→ **Task**: The answer is the data repeated in full, with no pictures included.

→ **Recorded data**:

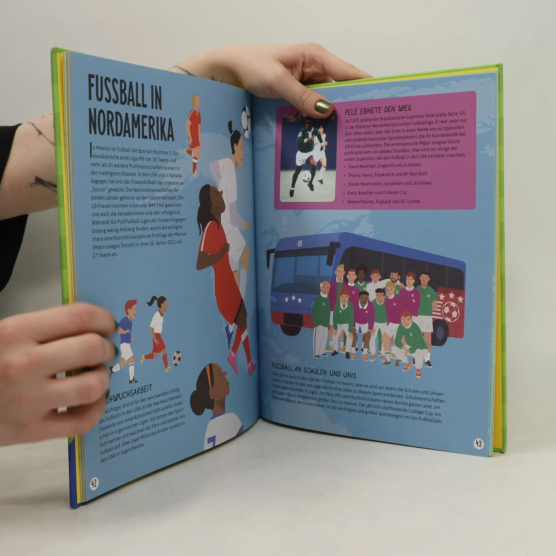 Eine spannende Reise rund um die Welt des Fußballs Wo fand schon überall eine Fußball-WM statt? Welche internationalen Fußballstars kommen aus Südamerika? Aus welchem Land stammt das erfolgreichste Frauenfußballteam des afrikanischen Kontinents? Entdecke die ganze Vielfalt der Fußballwelt und erfahre alles über nationale und internationale Wettbewerbe, erkunde die tollsten Stadien rund um den Globus und triff die besten Spielerinnen und Spieler der Welt. Eine spannende und witzige Reise rund um das rollende Leder über alle Kontinente! "Das Runde muss ins Eckige" ´lautet eine bekannte Fußballweisheit. Mit diesem Buch ist es tatsächlich gelungen, die ganze bunte und vielfältige Welt des Fußballs zwischen zwei rechteckigen Buchdeckeln unterzubringen. Die Reise führt quer über alle Kontinente zu fußballbegeisterten Menschen und begnadeten Spielerinnen und Spielern wie Megan Rapinoe, Lionel Messi oder Robert Lewandowski, aber auch zu wahren Legenden wie Pelé, Birgit Prinz oder Roger Milla. Nationale Ligen und kontinentale Pokale werden ebenso vorgestellt, wie Weltmeisterschaften und Weltstars. Fußballfans besuchen mit diesem Buch die tollsten Stadien der Welt, erkunden die Geschichte des runden Leders und lernen Varianten wie Motoball, Beachsoccer oder E-Rolli-Fußball kennen. Die Welt ist ein großes buntes Fußballfest und dieses Buch ist der passende Reiseführer dazu.
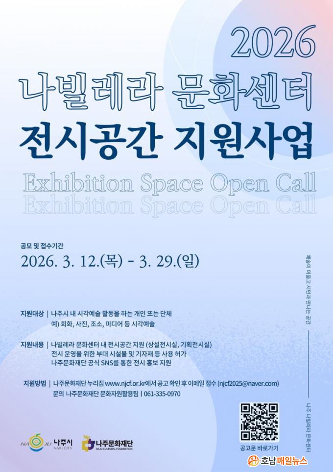 ³ªÁÖ¹®ÈÀç´ÜÀº ¿À´Â 3¿ù 29ÀϱîÁö Áö¿ª ½Ã°¢¿¹¼ú ÀÛ°¡¿Í ´Üü¸¦ ´ë»óÀ¸·Î ³ªºô·¹¶ó¹®È¼¾ÅÍ ³» Àü½Ã°ø°£À» ¹«»óÀ¸·Î Áö¿øÇÏ´Â °ø¸ð»ç¾÷À» ÁøÇàÇÑ´Ù°í 13ÀÏ ¹àÇû´Ù.
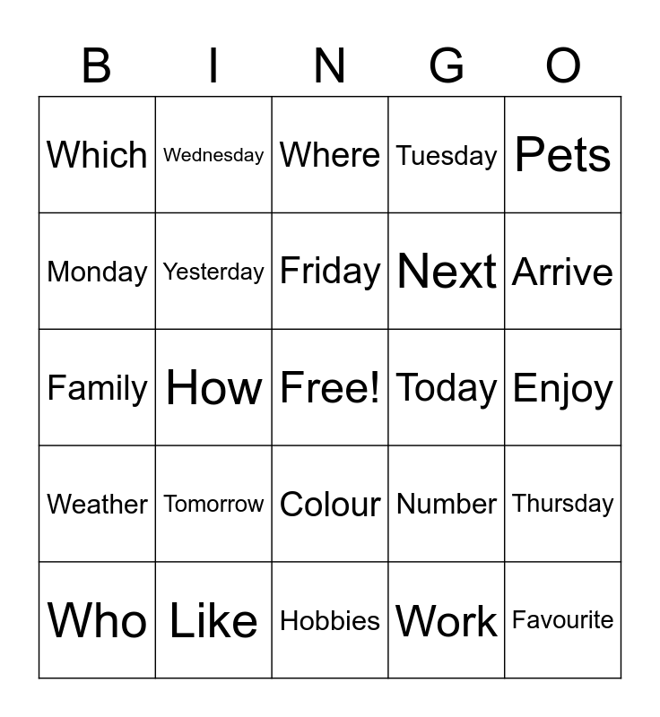This bingo card has a free space and 29 words: Who, When, How, Why, Which, Where, Yesterday, Tomorrow, Today, Like, Enjoy, Favourite, Hobbies, Work, Arrive, Clothes, Colour, Weather, Pets, Family, Number, Sign, Next, Monday, Tuesday, Wednesday, Thursday, Friday and Weekend.
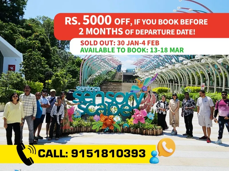 Join Group On Holidays, rated 4.9 out of 5, for a 5-night, 6-day luxury trip to Singapore with owners Nitin Sharma and Poonam Sharma. Travel from Mumbai to the vibrant city of Singapore, set sail on a Singapore Cruise Adventure and explore its iconic landmarks, thrilling attractions, and world-class shopping. Get a chance to visit Malaysia & witness all the amazing sight seeing. Enjoy a comfortable flight, premium stays, and exclusive experiences at top destinations like Universal Studios, Sentosa Island, and Marina Bay Sands. After an unforgettable journey, return to Mumbai with incredible memories. This trip is designed for your comfort and luxury every step of the way!

→ **Solution to the exercise**:
 Eine spannende Reise rund um die Welt des Fußballs Wo fand schon überall eine Fußball-WM statt? Welche internationalen Fußballstars kommen aus Südamerika? Aus welchem Land stammt das erfolgreichste Frauenfußballteam des afrikanischen Kontinents? Entdecke die ganze Vielfalt der Fußballwelt und erfahre alles über nationale und internationale Wettbewerbe, erkunde die tollsten Stadien rund um den Globus und triff die besten Spielerinnen und Spieler der Welt. Eine spannende und witzige Reise rund um das rollende Leder über alle Kontinente! "Das Runde muss ins Eckige" ´lautet eine bekannte Fußballweisheit. Mit diesem Buch ist es tatsächlich gelungen, die ganze bunte und vielfältige Welt des Fußballs zwischen zwei rechteckigen Buchdeckeln unterzubringen. Die Reise führt quer über alle Kontinente zu fußballbegeisterten Menschen und begnadeten Spielerinnen und Spielern wie Megan Rapinoe, Lionel Messi oder Robert Lewandowski, aber auch zu wahren Legenden wie Pelé, Birgit Prinz oder Roger Milla. Nationale Ligen und kontinentale Pokale werden ebenso vorgestellt, wie Weltmeisterschaften und Weltstars. Fußballfans besuchen mit diesem Buch die tollsten Stadien der Welt, erkunden die Geschichte des runden Leders und lernen Varianten wie Motoball, Beachsoccer oder E-Rolli-Fußball kennen. Die Welt ist ein großes buntes Fußballfest und dieses Buch ist der passende Reiseführer dazu.
 ³ªÁÖ¹®ÈÀç´ÜÀº ¿À´Â 3¿ù 29ÀϱîÁö Áö¿ª ½Ã°¢¿¹¼ú ÀÛ°¡¿Í ´Üü¸¦ ´ë»óÀ¸·Î ³ªºô·¹¶ó¹®È¼¾ÅÍ ³» Àü½Ã°ø°£À» ¹«»óÀ¸·Î Áö¿øÇÏ´Â °ø¸ð»ç¾÷À» ÁøÇàÇÑ´Ù°í 13ÀÏ ¹àÇû´Ù.
This bingo card has a free space and 29 words: Who, When, How, Why, Which, Where, Yesterday, Tomorrow, Today, Like, Enjoy, Favourite, Hobbies, Work, Arrive, Clothes, Colour, Weather, Pets, Family, Number, Sign, Next, Monday, Tuesday, Wednesday, Thursday, Friday and Weekend.
 Join Group On Holidays, rated 4.9 out of 5, for a 5-night, 6-day luxury trip to Singapore with owners Nitin Sharma and Poonam Sharma. Travel from Mumbai to the vibrant city of Singapore, set sail on a Singapore Cruise Adventure and explore its iconic landmarks, thrilling attractions, and world-class shopping. Get a chance to visit Malaysia & witness all the amazing sight seeing. Enjoy a comfortable flight, premium stays, and exclusive experiences at top destinations like Universal Studios, Sentosa Island, and Marina Bay Sands. After an unforgettable journey, return to Mumbai with incredible memories. This trip is designed for your comfort and luxury every step of the way!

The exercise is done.